There is a nega, a plague, in the soul of modern man, man whose sus and chamor and ohalim are cared for, but whose heart is in disarray, whose spirit is in chaos, whose soul suffers from sickening cynicism, whose core of ish has been obliterated, who is like the ghost of city: only a ghost of a man. And our Sidra tells us the one effective procedure for him who suffers a nega, and that is: ve’huva el ha-kohen – he shall be brought to the priest. We must bring the suffering man back to Torah, back to G-d, back to a sense of the sacred. For the nega of our times is a disease of the soul and a plague of the spirit.

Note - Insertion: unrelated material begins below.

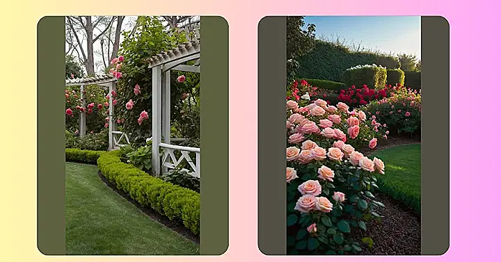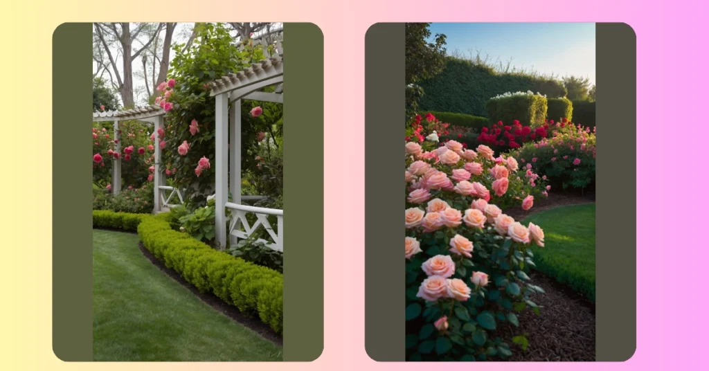 Imagine having a rose garden so pretty it makes you want to write poetry (even if you’re more of a math person). This picture shows a cool design with roses climbing all over a fancy white structure, kind of like a floral jungle gym. Plus, there’s this super neat border of green bushes that’s so straight and perfect it’s almost unreal! It’s basically the chillest place to hang out, read a book, or just watch the bees do their thing.
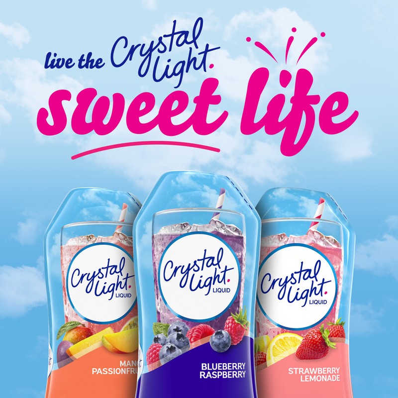 • Crystal Light Liquid Naturally Flavored Blueberry Raspberry Drink Mix is a travel size, resealable bottle of water flavoring drops

If the State of Israel is to serve its historic destiny, then it must assume the role of ish. On the years of its bar mitzvah, it must attempt to achieve religious maturity. Diplomacy, military marches on Independence Day, all this is good and well, but this is not the essence of the destiny of Israel. Israel must now rise to its full historic stature and begin to fulfill the religious role which destiny gave it. There is no doubt that religiously speaking, Israel has made mistakes in the past; only one who is blind will deny that. But, like the proud father of his bar mitzvah son, we recite over Israel the Barukh she-petarani – blessed is G-d who has let us survive those years of immaturity and weakness and mistakes. We now turn to the future, a future which Israel must return to its sacred origins.

The good wishes go out from the hearts of all Jews to the State of Israel. Like the young lad who, as his first mitzvah, learns to lay his tefillin, so do we wish Israel the blessings of tefillin. Just as the tefillin consists of two parts, the shel yad (the part that is wound on the hands) and the shel rosh (the part that is wound on the head), so do we hope that Israel will be strong in hand and dedication of mind and soul to Almighty G-d will be its religious greatness. In its dual capacity as a strong and peaceful nation and as a holy and noble people, may the State of Israel relay its message to all the world, that the G-d who dwells in its midst has given every man the Divine Image, and that every human being must assert the ish within him and articulate the kol adam, the voice of humanity which G-d granted him. For today is a yom besorah, a day of proclamation of this great message, on this day we shall not be silent.

And in return, in the words of the Grace, ha-rachaman yevasser lanu besurot tovot, yeshuot ve’nachmot – the all merciful G-d will proclaim to us good tidings, tidings of salvation and consolation. Amen.